What to produce. Within the entries below, find the portion that opens with the line containing "I never know" and closes with the line containing "Length Dama Dress". Retype that portion exactly and only.

Data supplied.
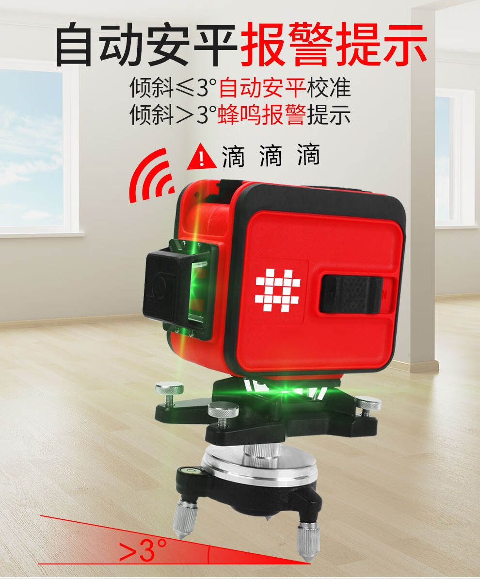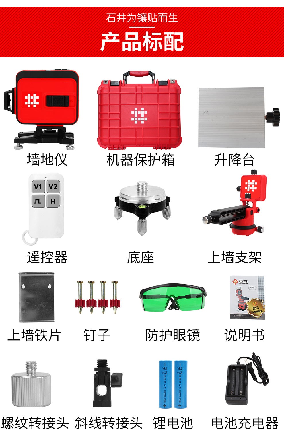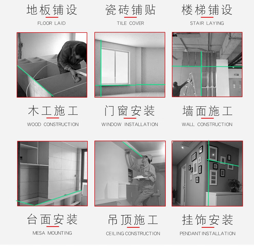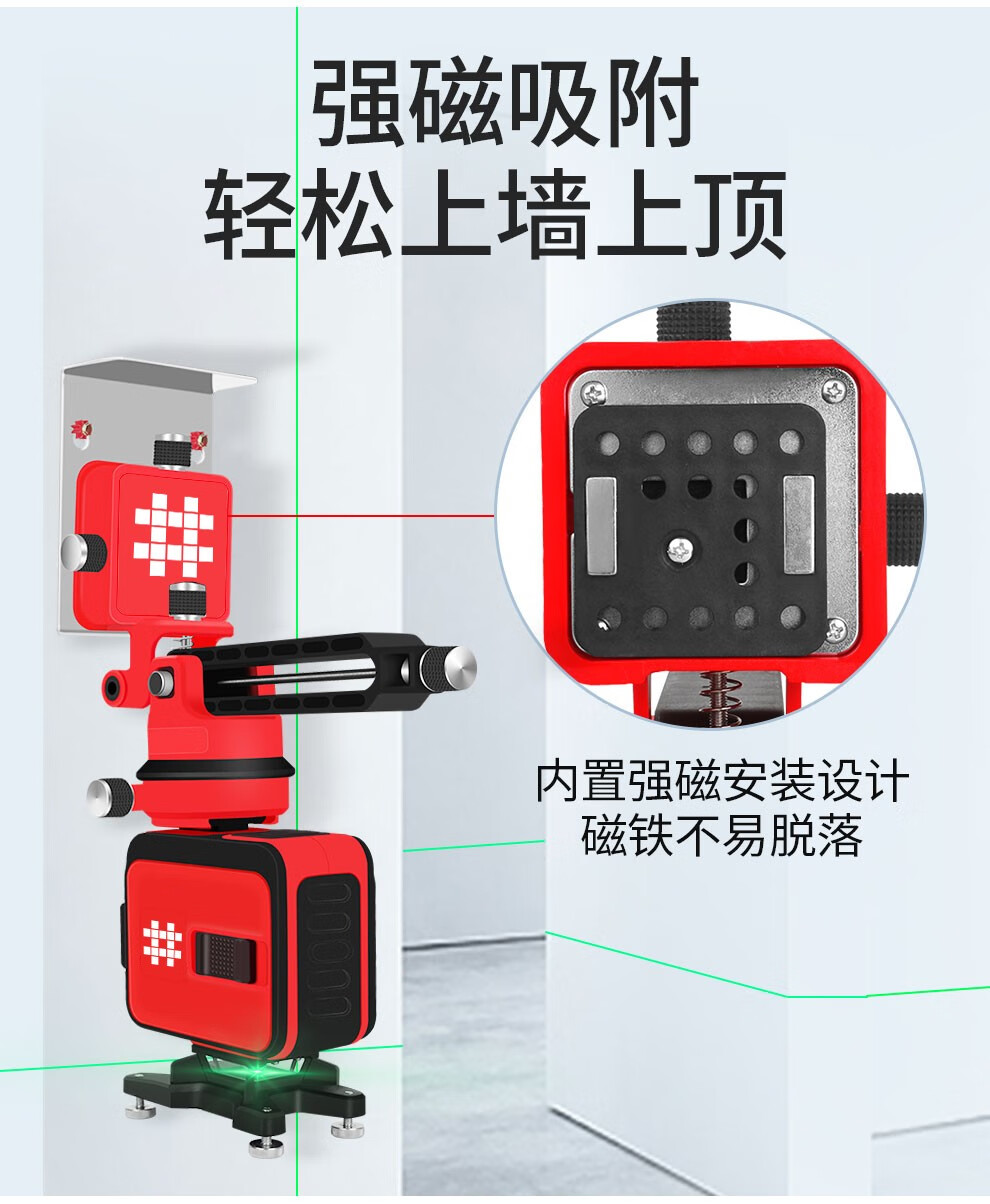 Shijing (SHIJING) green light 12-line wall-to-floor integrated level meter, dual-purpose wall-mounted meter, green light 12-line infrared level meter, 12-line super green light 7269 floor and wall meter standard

* * *

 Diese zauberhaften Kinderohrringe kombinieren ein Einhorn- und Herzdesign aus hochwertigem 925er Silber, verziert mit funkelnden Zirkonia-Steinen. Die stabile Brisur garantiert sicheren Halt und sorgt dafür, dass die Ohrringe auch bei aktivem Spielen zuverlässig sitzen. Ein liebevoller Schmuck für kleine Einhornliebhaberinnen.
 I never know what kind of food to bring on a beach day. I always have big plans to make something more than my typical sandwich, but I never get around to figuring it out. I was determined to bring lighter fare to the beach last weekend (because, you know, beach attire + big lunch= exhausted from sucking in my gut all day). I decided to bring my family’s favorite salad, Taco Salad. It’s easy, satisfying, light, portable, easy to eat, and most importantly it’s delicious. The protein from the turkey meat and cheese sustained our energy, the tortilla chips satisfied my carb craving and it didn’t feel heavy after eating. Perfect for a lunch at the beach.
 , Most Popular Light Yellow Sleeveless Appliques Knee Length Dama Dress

Solution to this problem.
 I never know what kind of food to bring on a beach day. I always have big plans to make something more than my typical sandwich, but I never get around to figuring it out. I was determined to bring lighter fare to the beach last weekend (because, you know, beach attire + big lunch= exhausted from sucking in my gut all day). I decided to bring my family’s favorite salad, Taco Salad. It’s easy, satisfying, light, portable, easy to eat, and most importantly it’s delicious. The protein from the turkey meat and cheese sustained our energy, the tortilla chips satisfied my carb craving and it didn’t feel heavy after eating. Perfect for a lunch at the beach.
 , Most Popular Light Yellow Sleeveless Appliques Knee Length Dama Dress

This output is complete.